During the emitting stage, the CDN emits a continuous flow of logs as users make requests to the CDN.
The shipping stage consists of 3 steps: collection, transformation and storage. For collection, a stream collects and stores logs in real-time as they flow from the CDN. For transformation, the log transformer transforms those logs to a format appropriate for storage. For storage, the log shipper buffers and batches the transformed logs, and inserts and stores the log data into the database.
During the presentation stage, the visualizer queries the data stored in the database and visualizes the results in charts, graphs and tables in real-time.

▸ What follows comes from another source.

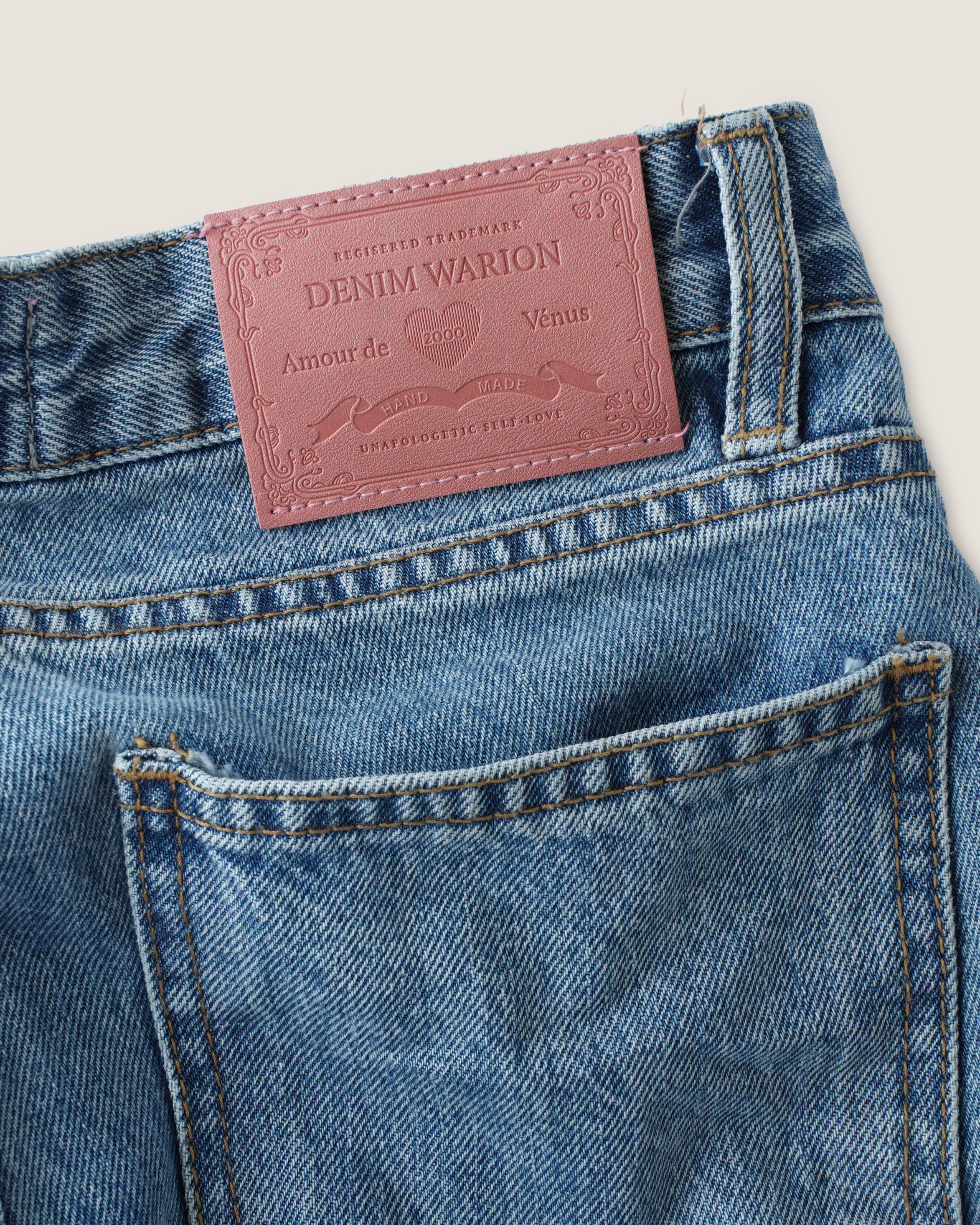 在後腰的位置,我們刻意放上一塊柔霧粉色皮標。帶有一種關於愛與自我凝視的隱喻。

After pinpointing the core components required for Canopy, the next step we undertook was building a working prototype based off of this architecture. In the following section, we discuss the challenges we encountered during development and how we addressed and resolved them.
9. Fundamental Challenges
9.1 Data Storage
Selecting a storage solution for CDN logs proved to be one of the most difficult decisions we had to make. We explored various possibilities, including Elasticsearch, time-series databases and columnar databases.
Our use case had unique requirements due to the nature of CDN log data. Our database should be able to handle large amounts of CDN logs at scale without sampling and efficiently handle data aggregates. Therefore, we needed to consider the level of indexing to minimize storage for preventing sampling. We also needed to consider the type of queries that each database optimizes for.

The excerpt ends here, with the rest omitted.